Exposure Concentrations of Infants Breastfed by Women Receiving Biologic Therapies for Inflammatory Bowel Diseases and Effects of Breastfeeding on Infections and Development

Matro R1, Martin CF2, Wolf D3, Shah SA4, Mahadevan U5. Gastroenterology. 2018 May 29. pii: S0016-5085(18)34573-6. doi: 10.1053/j.gastro.2018.05.040. [Epub ahead of print]

Author information

1 Division of Gastroenterology and Hepatology, Oregon Health & Science University, Portland, OR. Electronic address: matro@ohsu.edu.

2 Division of Gastroenterology and Hepatology, University of North Carolina at Chapel Hill, Chapel Hill, NC.

3 Atlanta Gastroenterology Associates, Atlanta, GA.

4 Division of Gastroenterology, Warren Alpert School of Medicine, Brown University, Providence, Rhode Island.

5 Division of Gastroenterology and Hepatology, University of California San Francisco, San Francisco, CA.


BACKGROUND & AIMS: Exposure to biologic and immunosuppressant agents during breastfeeding is controversial and there are limited data on safety. We investigated whether biologics are detectable in breast milk from women receiving treatment for inflammatory bowel diseases (IBD) and whether breastfeeding while on treatment is associated with infections or developmental delays.

METHODS: We performed a multi-center prospective study of women with IBD and their infants, collecting breast milk samples (n=72) from patients receiving biologic therapy from October 2013 to November 2015. Drug concentrations were measured in all breast milk samples at several time points within 48 hrs of collection and within 168 hrs for some samples. Child development was assessed using the Ages and Stages Questionnaire 3 (ASQ3), completed by 824 women with IBD (treated or untreated) during pregnancy (620 breastfed and 204 did not).

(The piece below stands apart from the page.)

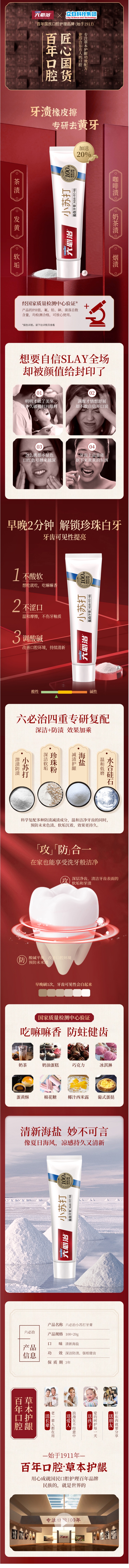 商品名称:六必治小苏打盐白牙膏(清新海盐)120g*3支(单位:支) 红色

Data on childrens' health and development were obtained from mothers and pediatricians, along with information on mothers' medication exposure, IBD history, activity, and pregnancy, and post-partum complications. We used χ2 or Fisher's exact test to determine associations between categorical values, and compared differences in continuous outcomes between groups using ANOVA models. The primary outcome was drug concentration of biologic agents in breast milk (from 72 women) at 1, 12, 24, and 48 hours after dosing, and also at 72, 96, 120, and 168 hrs from available samples. Secondary outcomes were a range of infant infections and ASQ3-defined developmental delays among all breast-fed infants.

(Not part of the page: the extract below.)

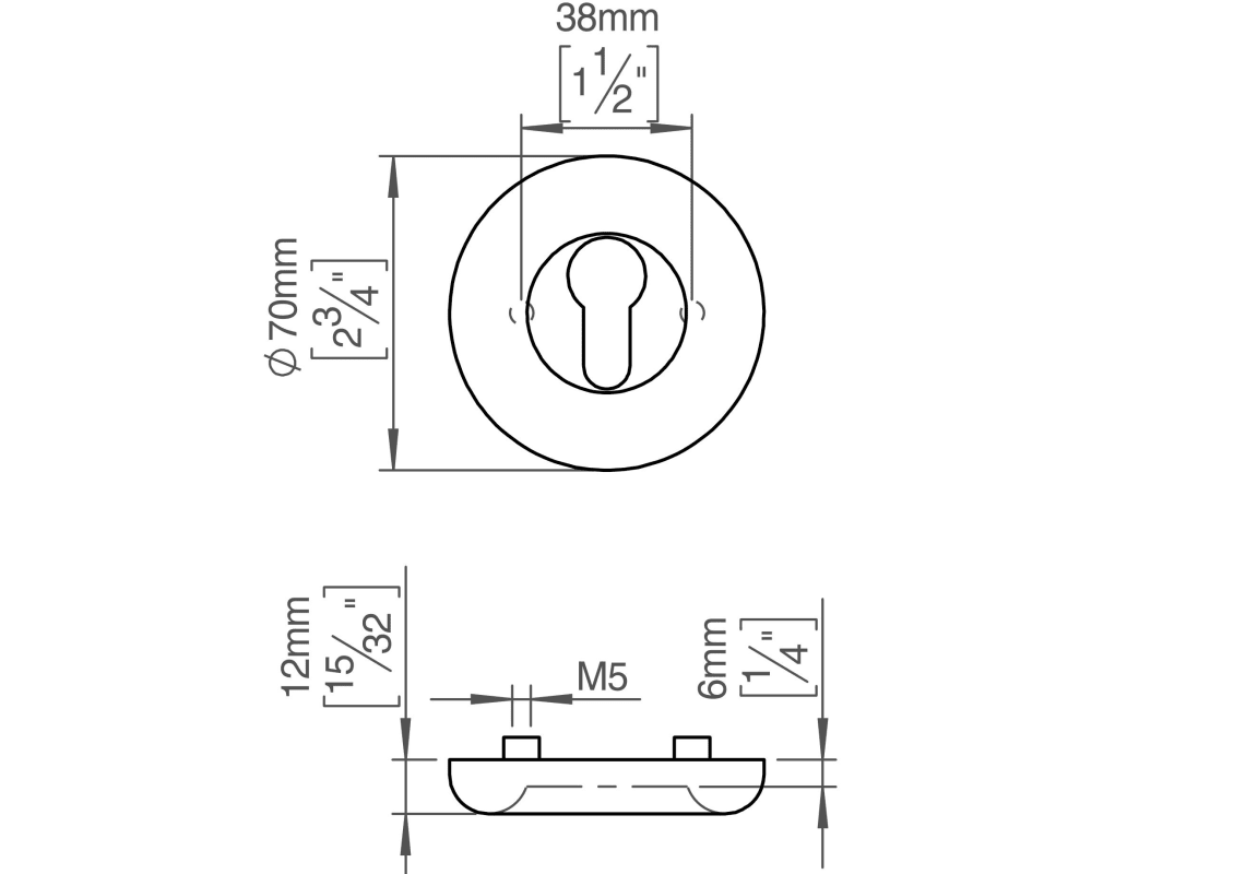 FAT ROSETTE M. SCHLÜSSELLOCH Ø70X6 CC38 AUSSEN SATINIERT (12900602060)

RESULTS: We detected infliximab in breast milk samples from 19 of 29 treated women (max 0.74 μg/mL), adalimumab in 2 of 21 treated women (max 0.71 μg/mL), certolizumab in 3 of 13 treated women (max 0.29 μg/mL), natalizumab in 1 of 2 treated women (max 0.46 μg/mL), and ustekinumab in 4 of 6 treated women (max 1.57 μg/mL); we did not detect golimumab in breast milk from the 1 woman receiving this drug. Rates of infection and developmental milestones at 12 months were similar in breastfed vs non-breastfed infants: any infection 39% vs 39% in controls (P=1.000) and milestone score 87 vs 86 in controls (P=.9992). Rates of infection and developmental milestones did not differ among infants whose mothers received treatment with biologics, immunomodulators, or combination therapy, compared to unexposed infants (whose mothers received treatment with mesalamines or steroids or no medication).

CONCLUSIONS: In a study of women receiving treatment for IBD and their infants, we detected low concentrations of infliximab, adalimumab, certolizumab, natalizumab, and ustekinumab in breast milk samples. We found breastfed infants of mothers on biologics, immunomodulators, or combination therapies to have similar risks of infection and rate of milestone achievement compared to non-breastfed or infants unexposed to these drugs. Maternal use of biologic therapy appears compatible with breastfeeding. Clinicaltrials.gov no: NCT00904878.